*** PROVIDED DATA Section Begins ***

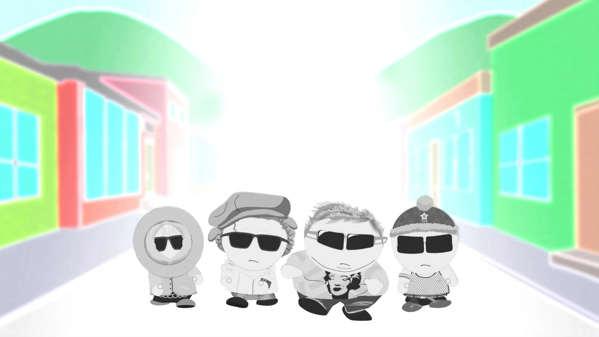 在公交站,卡特曼、肯尼和斯坦讨论着斯坦弄脏他新睡衣的事情,他们的嗓音都有些娘气。他们三个都穿着让他们显得有些基的衣服——比如说,斯坦穿着渔网式的背心,肯尼有了一件新的粉紫色大衣。随后凯尔来到公交站,穿着他平时的衣服,戴着那顶毛帽。卡特曼开始笑话他,说他的衣服过时了。他们三个决定给他打扮一番,结果让他也看着很基。
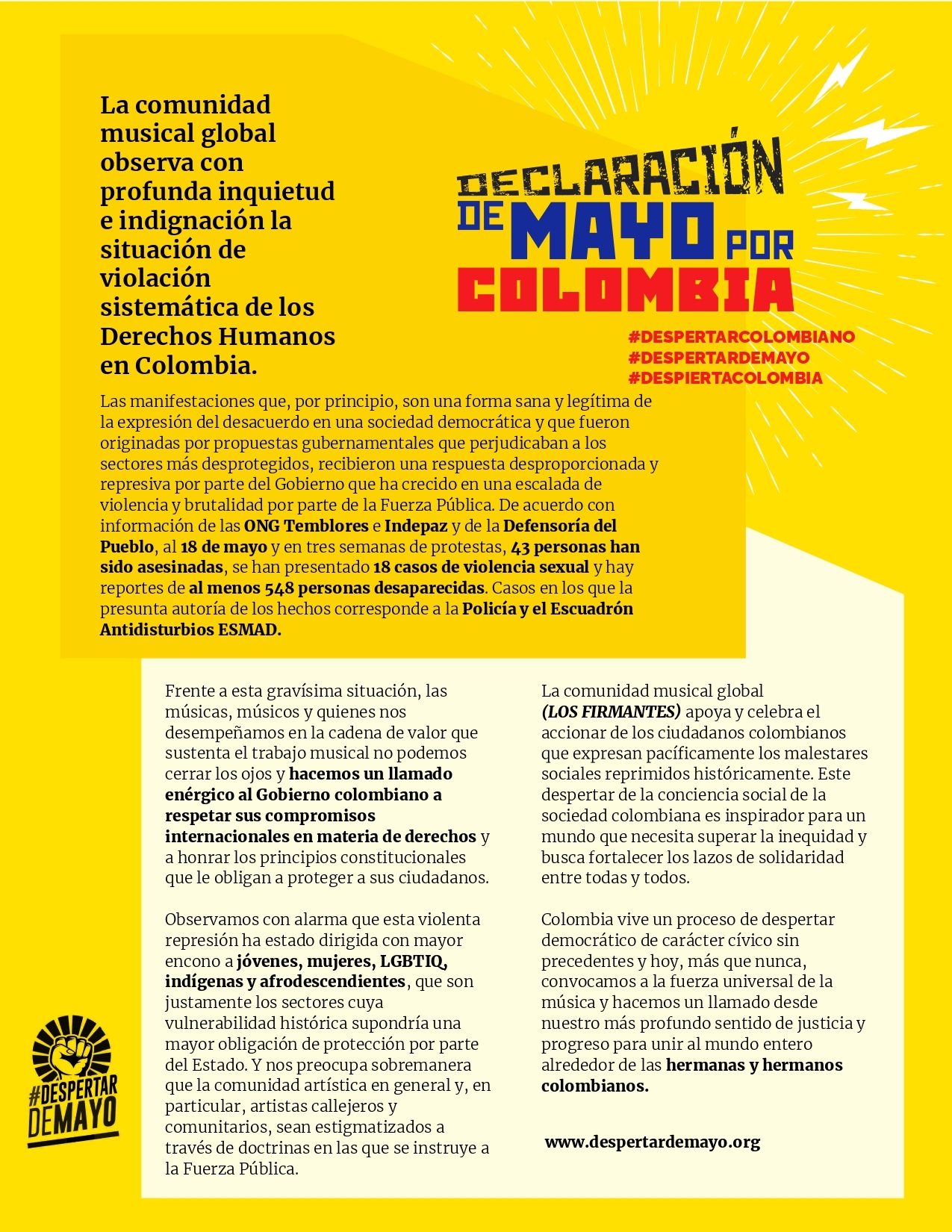 Recientemente vio la luz una comunicación firmada por artistas de varios lugares del mundo titulada “Declaración de mayo por Colombia”. En esta, los participes manifiestan su inquietud e indignación por “la situación de violación sistemática de los Derechos Humanos” en el país. Artistas como Rubén Blades, Catalina García, Gustavo Santaolalla, Camila Moreno, Residente, Rubén Albarrán, Jorge Drexler, Vetusta Morla, Lido Pimienta, Edson Velandia, Tweety González, Juan Pablo Vega, Hugo Candelario, entre muchos otros -incluyendo varias organizaciones musicales alrededor del mundo- aparecen como firmantes.
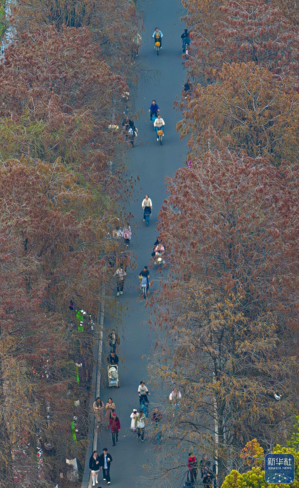 ↑市民在武汉市东湖绿道骑行(2025年11月29日摄)。新华社记者 肖艺九 摄
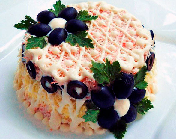 Яйца отварить вкрутую и натереть на крупной терке. Крабовые палочки мелко нарезать или натереть на терке. Чернослив помыть и нарезать.
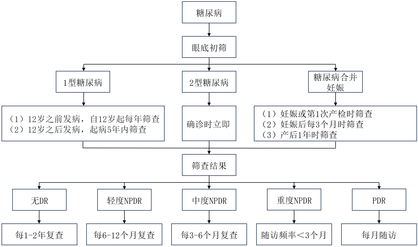 圖為DR的篩查流程圖。NPDR:非增生型DR;PDR:增生型DR
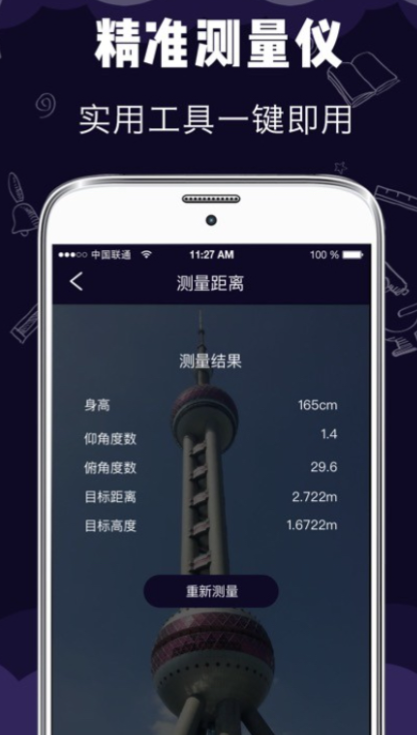 在这个软件中你不只是能完成基础的测量面积功能,还能在软件中输入你的身高并进行保存之后,快捷地测量出建筑、树木等的高度,对多种计量单位进行单位转换。当你在户外时,该软件还能充当指南针,让你不会失去方向。
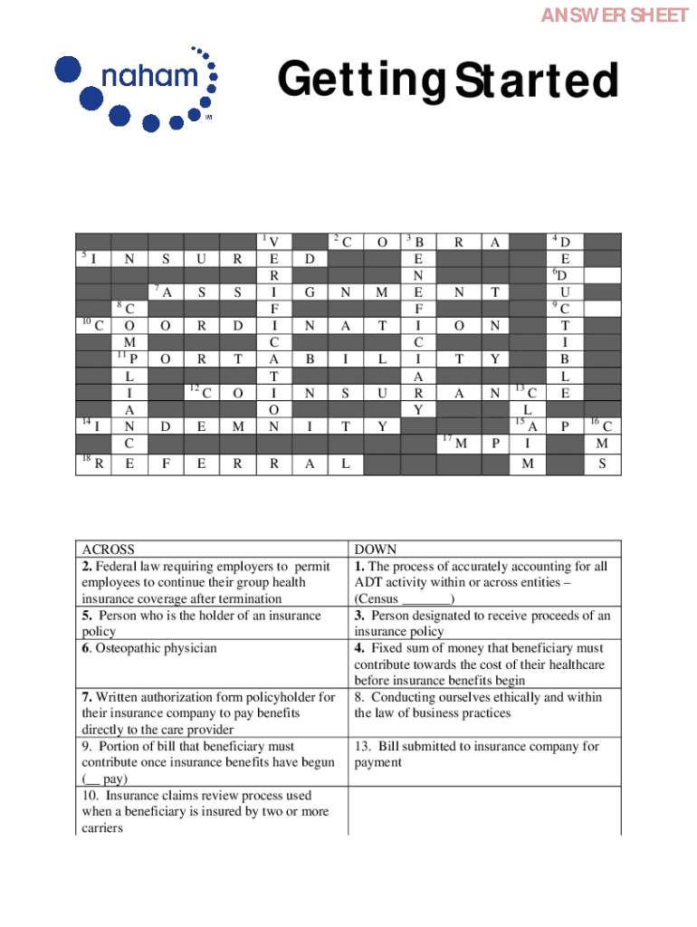 ANSWER SHEETGetting Started 1 5IN 7SURASSORDORT8 101418CI RC O M 11 P L I A N C E12DCEO MV E R I F I C A T I O N2COGNMNATBILNSUITYD3B E N E F I C I A R Y 17FERRAACROSS 2. Federal law requiring employers
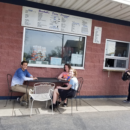 The Baseball Dairy Diamond offers a delightful outdoor casual family dining atmosphere with umbrella tables in the front and many tables & chairs in a large designated dining area located on the south side of the building. There is also a cute photo opportunity as they have a giant rocking chair on site. The menu is an extensive offering of all your sport & summer favorites! Pizza, many types of fries, fried mushrooms, hamburgers, hotdogs, tater tots, nachos, slushies, ice cream and much more and don't forget to check out their lunch specials. A little on the pricey side so choose wisely if you have a large order. We ordered 3 Rootbeer Floats. The floats were a perfect blend of rootbeer and ice cream. Very very tasty! The only issue we had was, the base of the cups were somewhat flimsy and so was the drink carrier. In fact, the cups were too tall for the drink carrier we were given... Now this will not affect most people as most people don't leave the premises with their orders so taking your order from the window to a table shouldn't create an issue like we had. Don't let that stop you from taking the Team or family to enjoy this menu and atmosphere at least once... because there aren't many places that you can get all your favorite big ballpark menu options... without the...
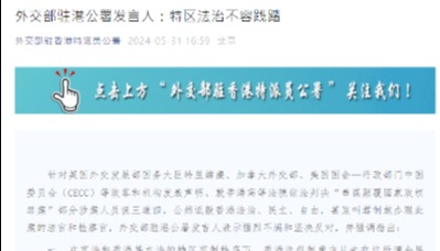 針對美國國會及行政當局中國委員會發表所謂“報告”,肆意抹黑香港國安法和特區司法制度,叫囂對香港國安法法官實施無理制裁,外交部駐港公署發言人表示強烈譴責和堅決反對。 發言人指出,司法機構、法官與司法人員獨立且不受干預地行使司法權力,是全球法治社會的基石,更是香港法治的名片。香港國安法“一法定香江”,讓香港重回海晏河清,法治正義得到伸張,廣大香港居民依法享有的各項權利自由得到更好保障。特區司法機關和法官依照法律規定、根據法定職權、遵循法定程序秉公獨立辦案,盡忠職守,天經地義。
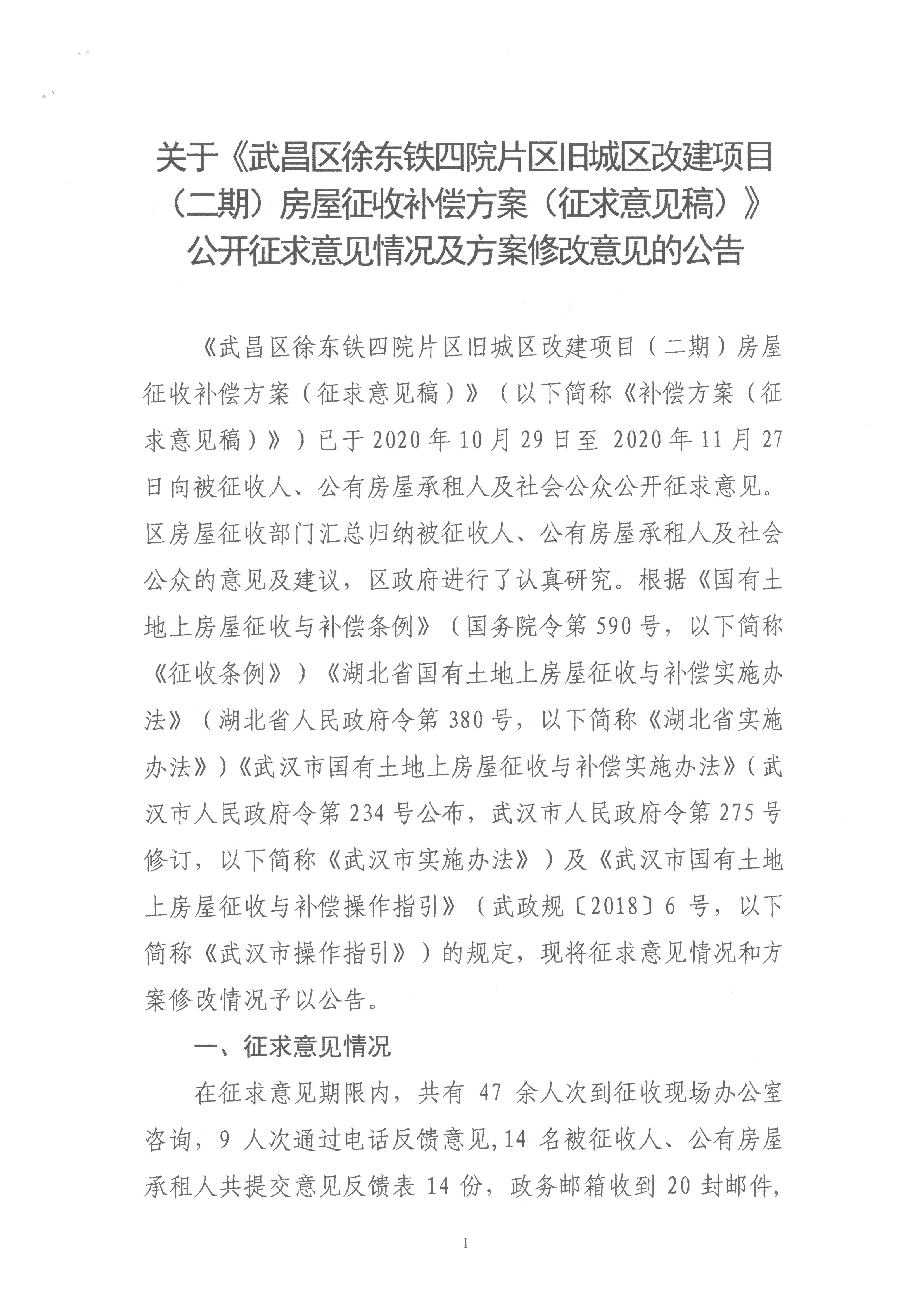 关于《武昌区徐东铁四院片区旧城区改建项目 (二期)房屋征收补偿方案(征求意见稿)》公开征求意见情况及方案修改意见的公告
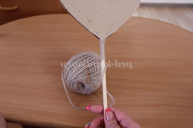 4)Беремо нитки. Фіксуємо у підстави кінчик і обмотуємо паличку до кінця.
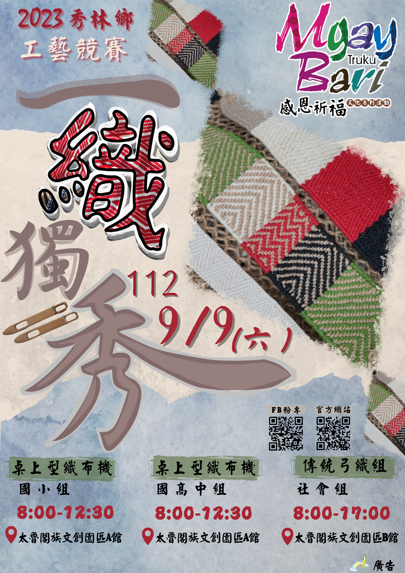| 一、 | 本活動競賽配合本鄉於112年10月14日(星期六)於水源村東方夏威夷辦理「2023 Truku Mgay Bari感恩祈福文化系列活動」,包含一系列的文化活動,感恩祭儀、美食分享、竹屋暨地織展示、傳統歌謠傳唱、傳統樂舞競賽等,使傳統織布積極保存及自我認同的意識抬頭,讓族人重燃織布熱情,有效達到良性競爭為鼓勵族人更積極投入織布創作,特辦理本項競賽。 |
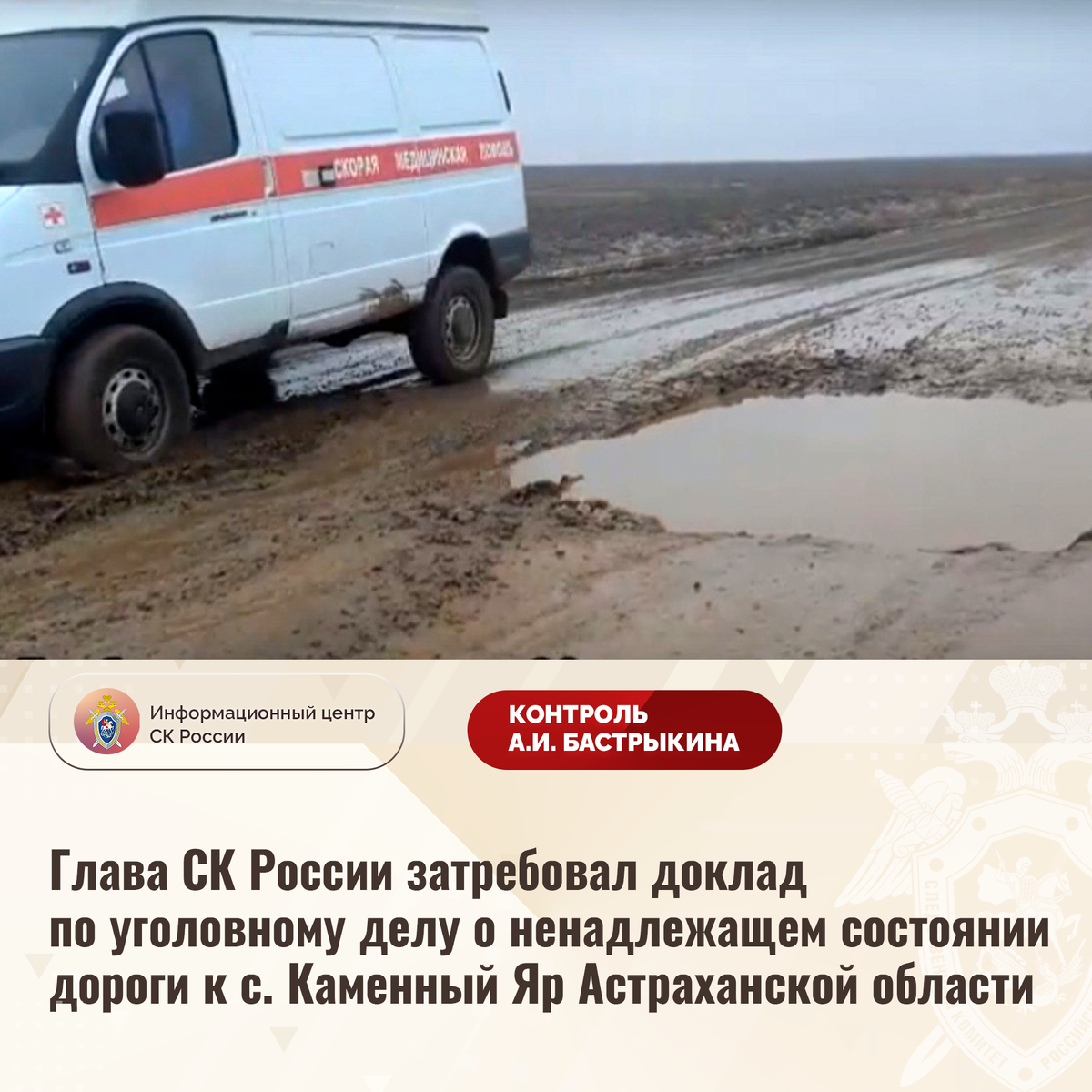 В социальной сети сообщается о ненадлежащем состоянии дороги к селу Каменный Яр Астраханской области. В 2021 году на выделенные бюджетные средства был произведен ремонт покрытия, которое спустя несколько месяцев начало разрушаться. Ввиду многочисленных ям сельчане вынуждены длительное время добираться до мест назначения. Сообщается о гибели местной жительницы в машине скорой медицинской помощи, поскольку из-за неудовлетворительного состояния дороги ее не успели доставить в больницу. До настоящего времени полотно не приведено в нормативное состояние.
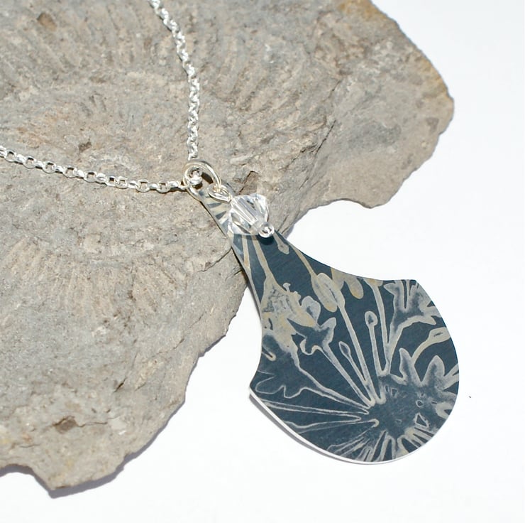A striking pendant made from hand printed and dyed aluminium that has been cut into a contemporary chandelier shape by hand. The pattern is modern floral and the necklace has a bicone bead detail. It is hung from a 16 inch sterling silver chain. Please note your necklace may vary very slightly from the one in the picture.
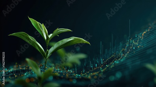 A young plant growing with digital data visualization overlay, symbolizing growth, technology, and innovation in agriculture or environmental science.
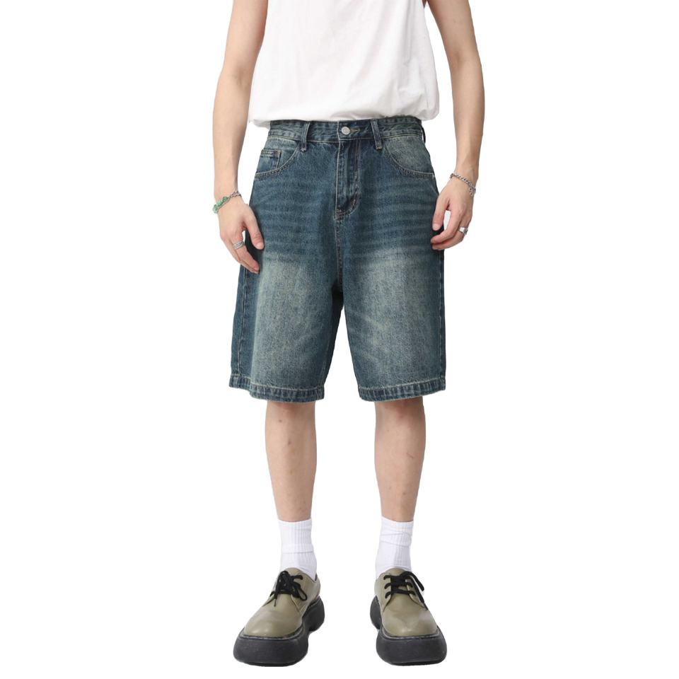 Hot Summer Streetwear Men's Loose Denim Jorts Comfortable Relaxed Fit Elastic Waist Closure 100% Cotton OEM Pocket Front High
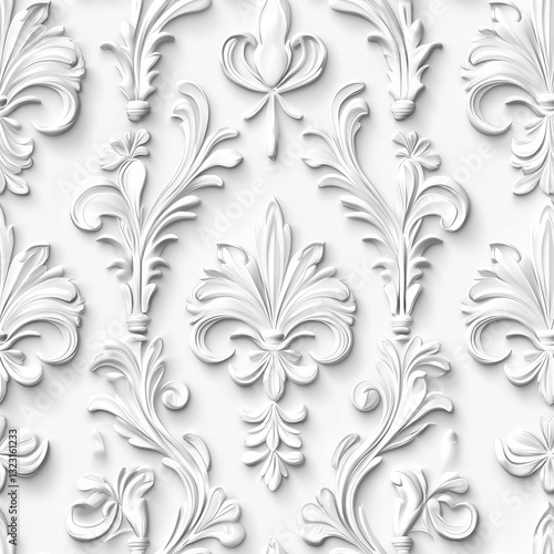 © tourinn, Fototapeta premium White Ornate Floral Pattern
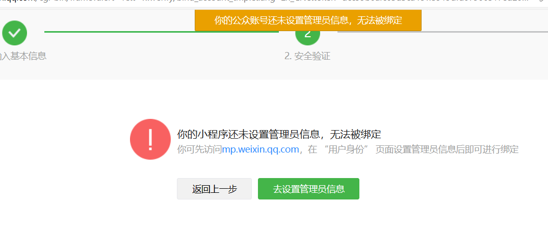 开放平台上绑定小程序,提示和这个问题。但是我们开放平台、公众号、小程序都是绑定了管理员的。这怎么解决呢
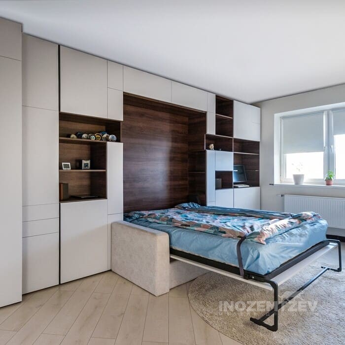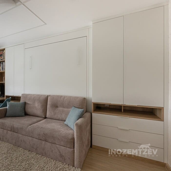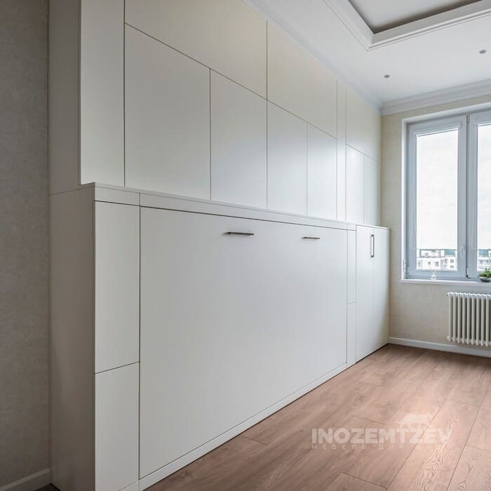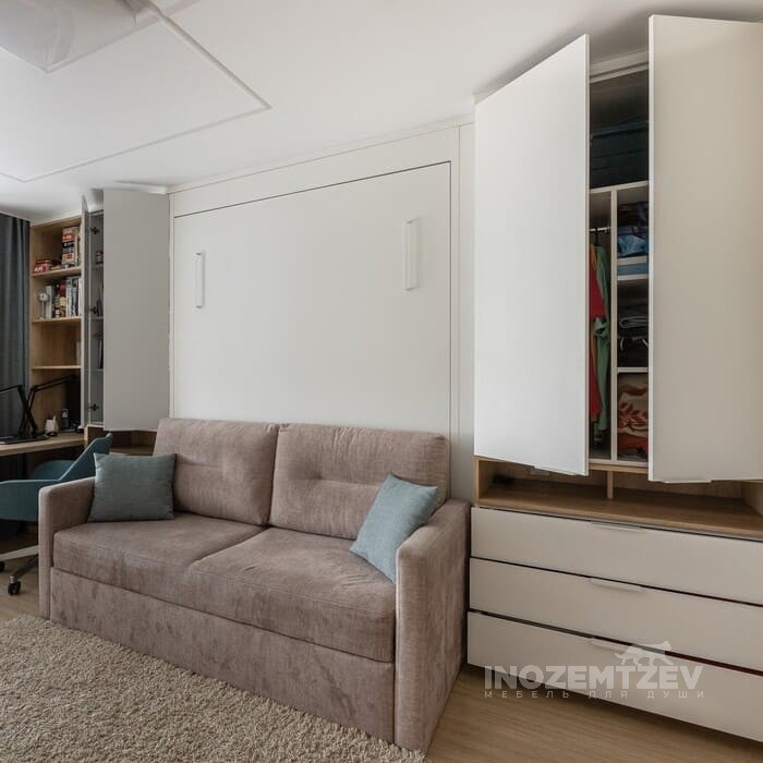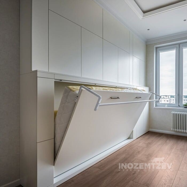Кровать трансформер для квартиры с дополнительными нишами для хранения вещей

*** PROVIDED DATA Section Ends ***

_WHAT IS EXPECTED_
Make an exact copy of the lines above, beginning with the line with "圖為DR的篩查流程圖。NPDR:非增生型DR;PDR:增生型DR" and ending with the line with "ANSWER SHEETGetting Started", and keep the pictures out of it.

_WRITTEN SOLUTION_
 圖為DR的篩查流程圖。NPDR:非增生型DR;PDR:增生型DR
 在这个软件中你不只是能完成基础的测量面积功能,还能在软件中输入你的身高并进行保存之后,快捷地测量出建筑、树木等的高度,对多种计量单位进行单位转换。当你在户外时,该软件还能充当指南针,让你不会失去方向。
 ANSWER SHEETGetting Started 1 5IN 7SURASSORDORT8 101418CI RC O M 11 P L I A N C E12DCEO MV E R I F I C A T I O N2COGNMNATBILNSUITYD3B E N E F I C I A R Y 17FERRAACROSS 2. Federal law requiring employers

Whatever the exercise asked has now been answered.